### [Information provided]
►

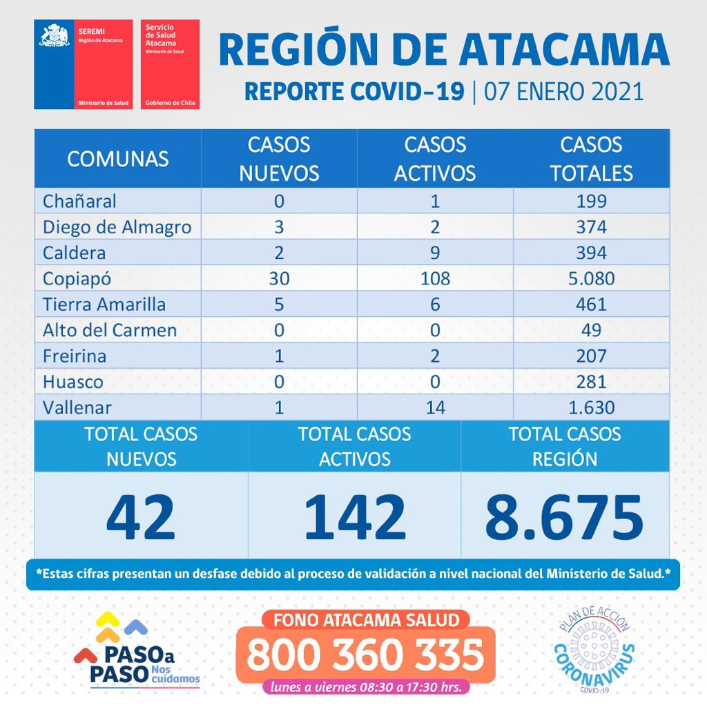 EXTRA: 42 nuevos casos de COVID-19 elevan los activos a 142 este jueves en Atacama
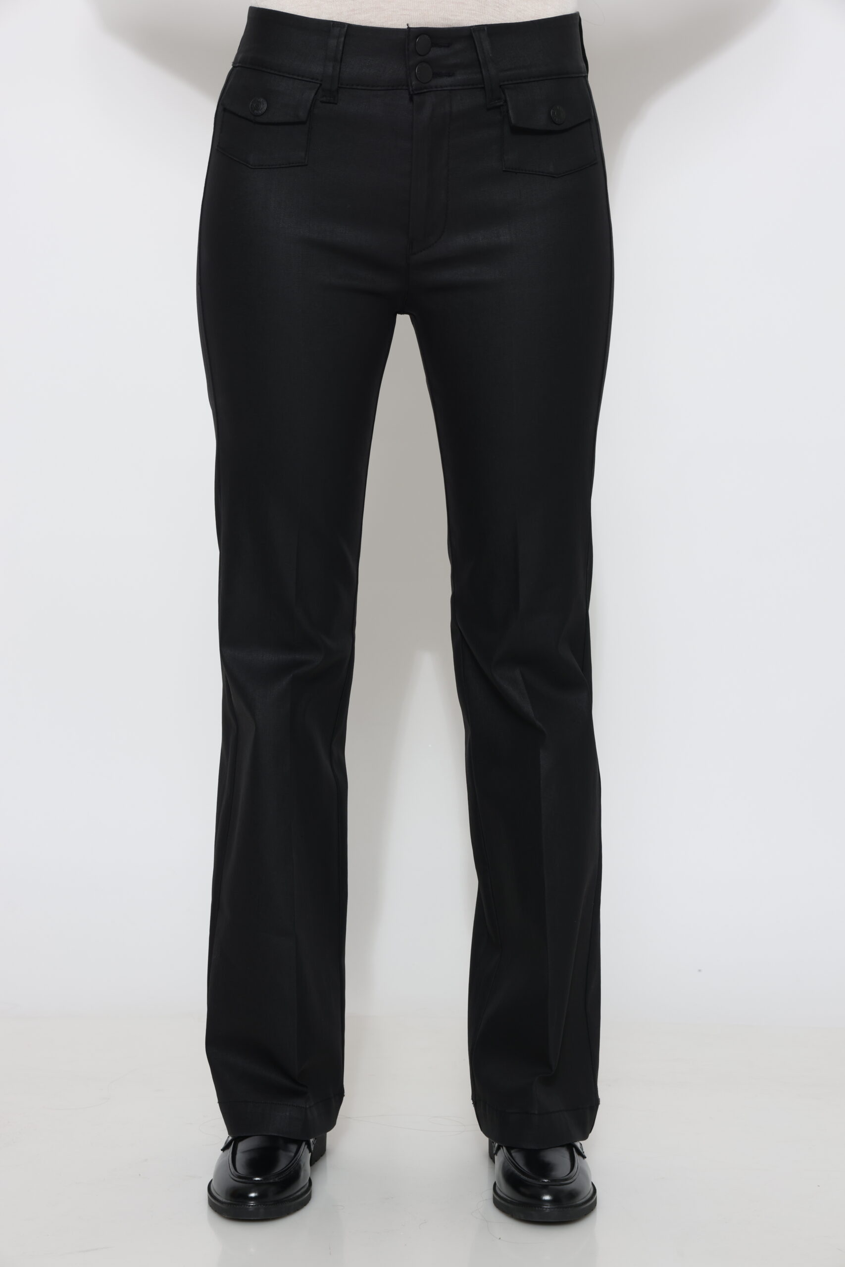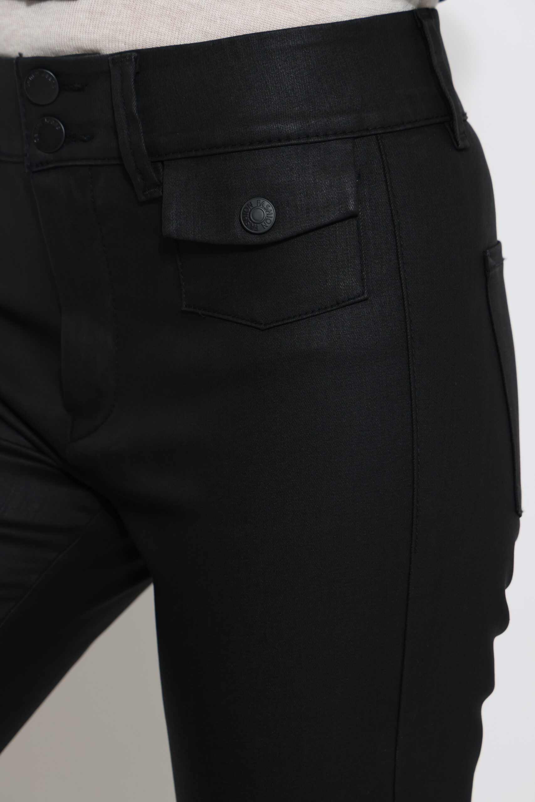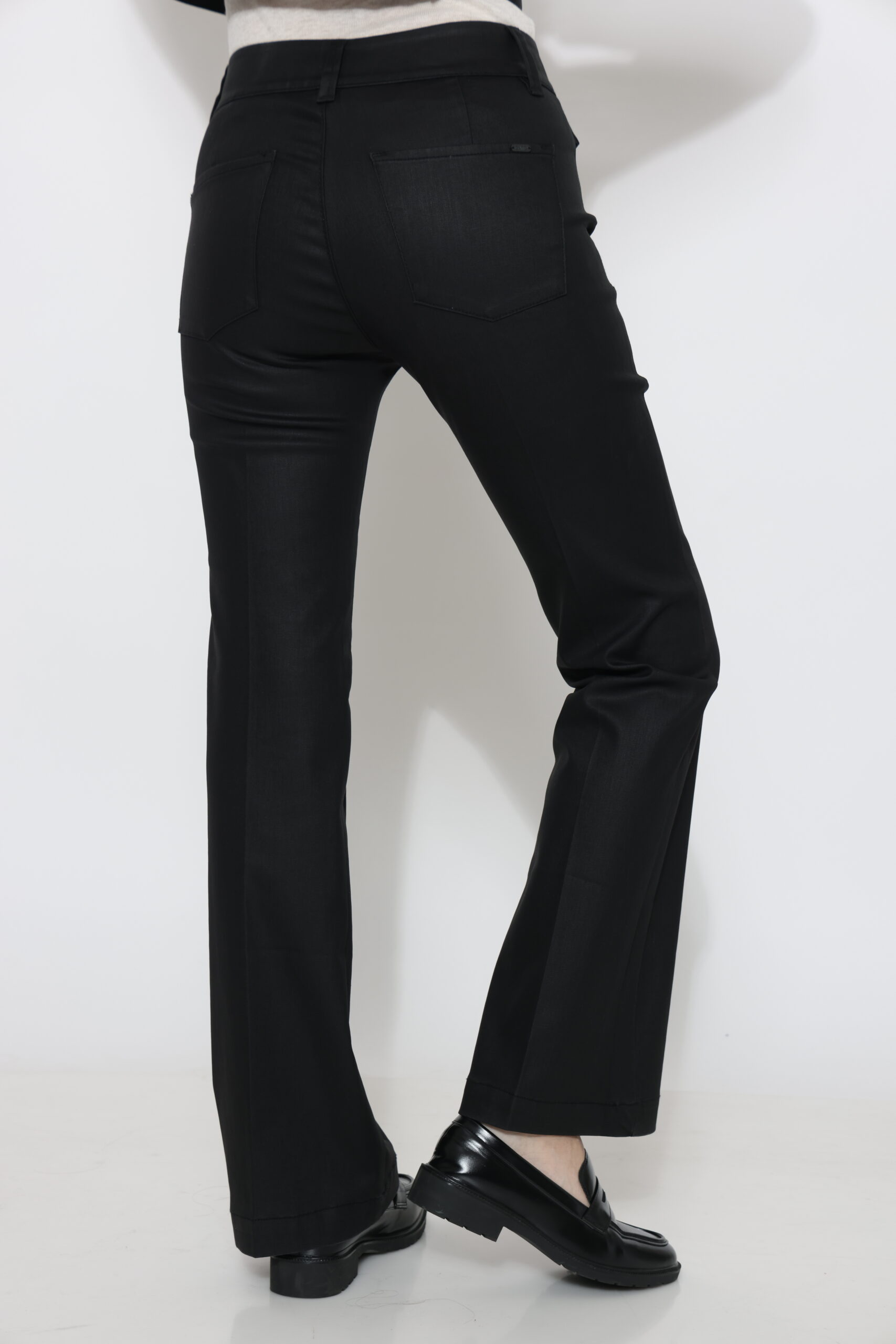 מכנס שחור מבד מראה מט עם לייקרה בגיזרת פלייר ארוכה עם כיסים קטנים קדמיים
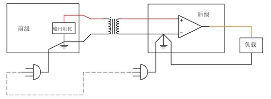 As shown in the above picture, the red line is the power supply line and the black line is the ground line. The audio of Device 1 and Device 2 are interconnected, and the shielded wire is connected to the ground for the first time. Device 2 also needs to supply power to Device 1, and the power ground wire is also connected, resulting in the black GND loop shown in the above picture.
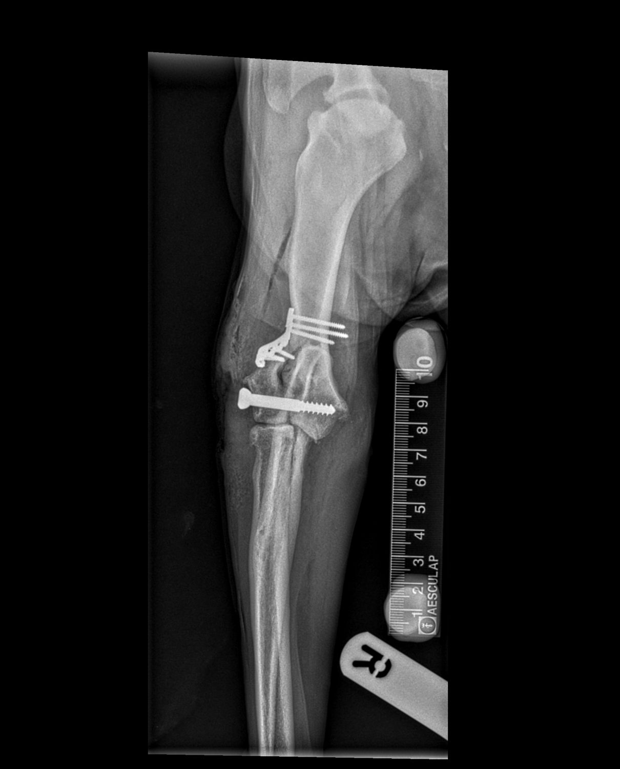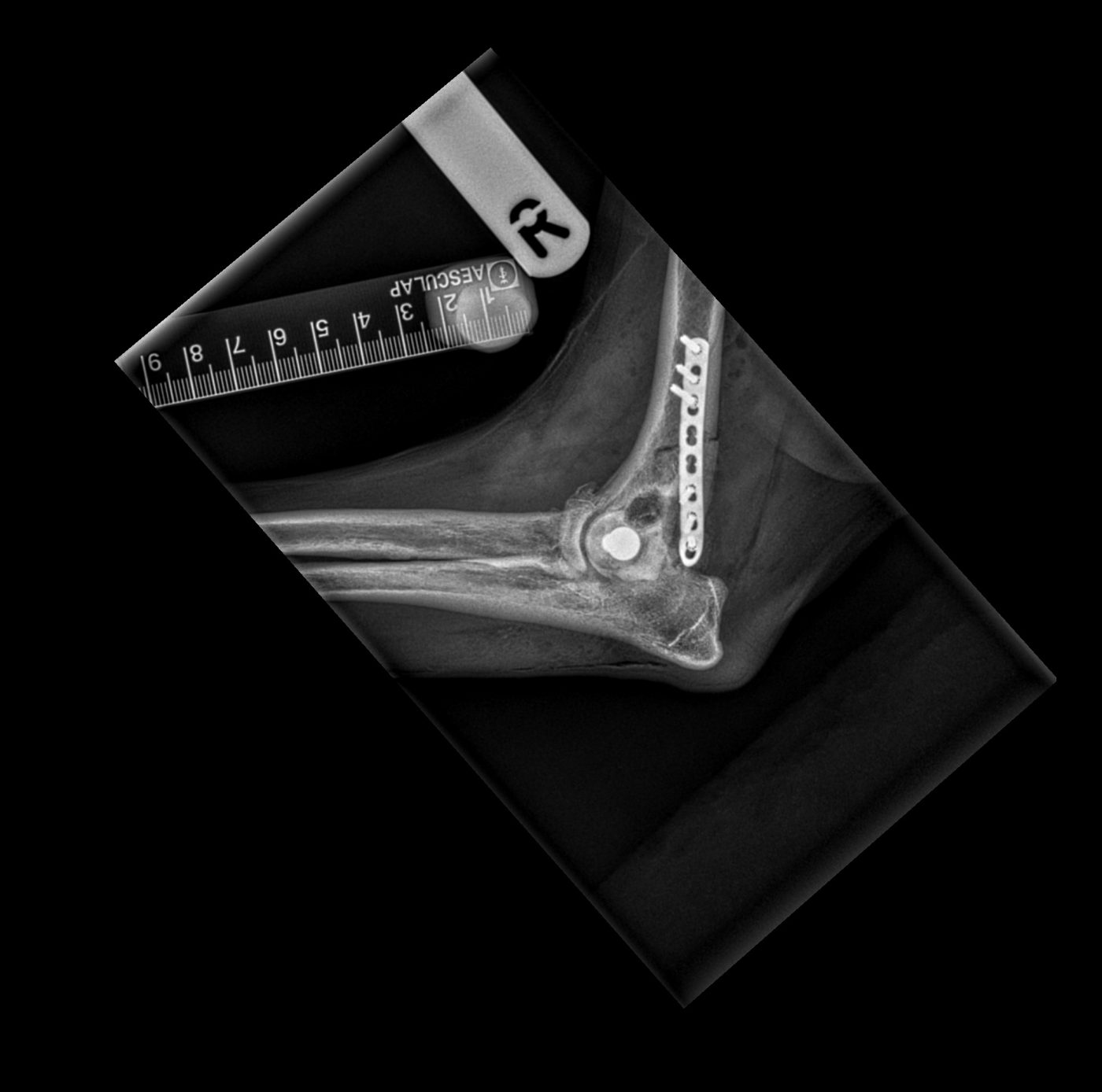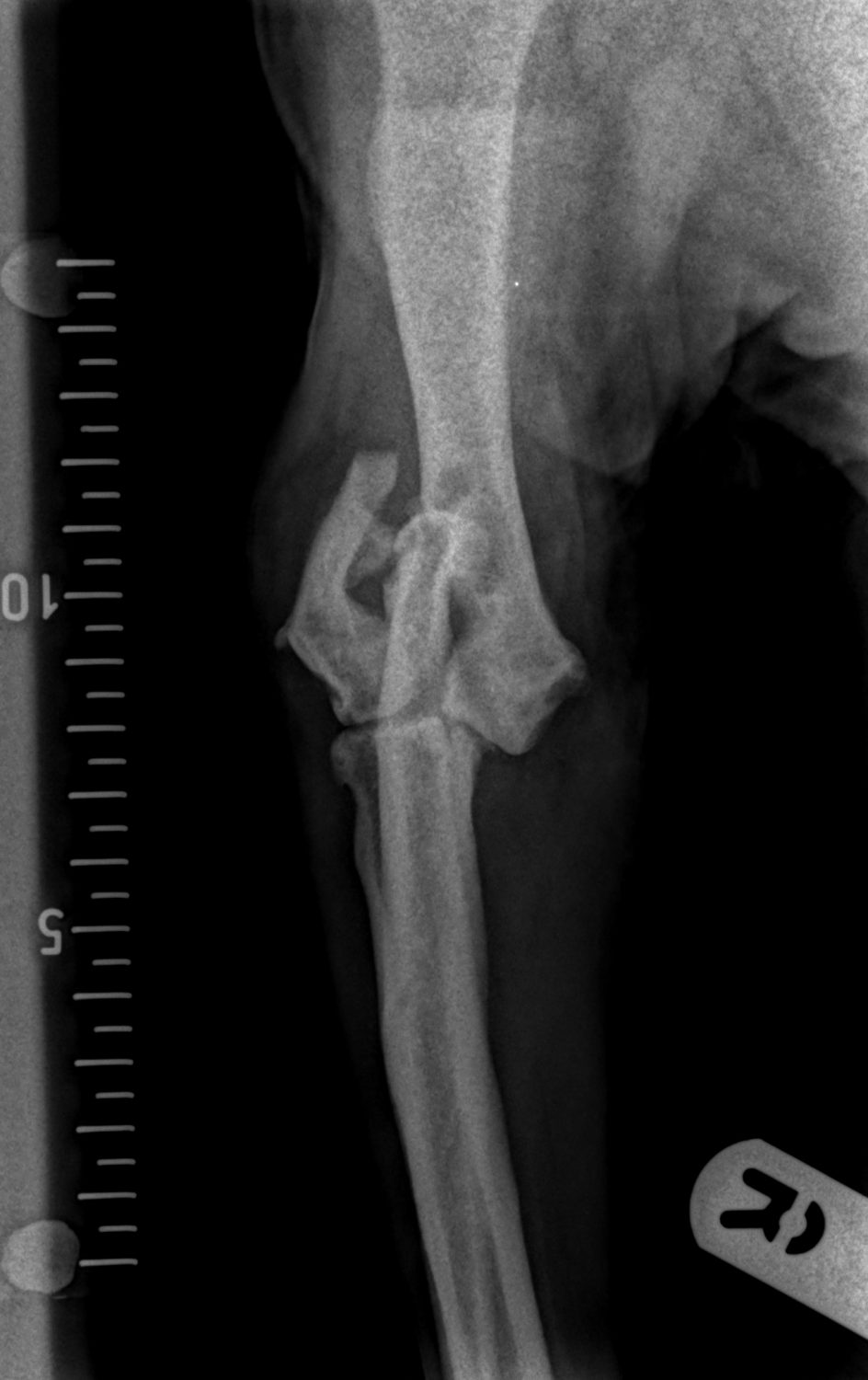 Chase is a twelve-year-old English Springer Spaniel, with a history of severe arthritis in his elbows, presented lame in the right elbow after sustaining an injury whilst jumping into the car. X-rays revealed a humeral intracondylar fissure that had fractured.

◄

### [Work required]
Would you copy, exactly, each line from the start of the listing above through the line with "מכנס שחור מבד", both ends included, but none of the pictures?

### [Expected answer]
 EXTRA: 42 nuevos casos de COVID-19 elevan los activos a 142 este jueves en Atacama
 מכנס שחור מבד מראה מט עם לייקרה בגיזרת פלייר ארוכה עם כיסים קטנים קדמיים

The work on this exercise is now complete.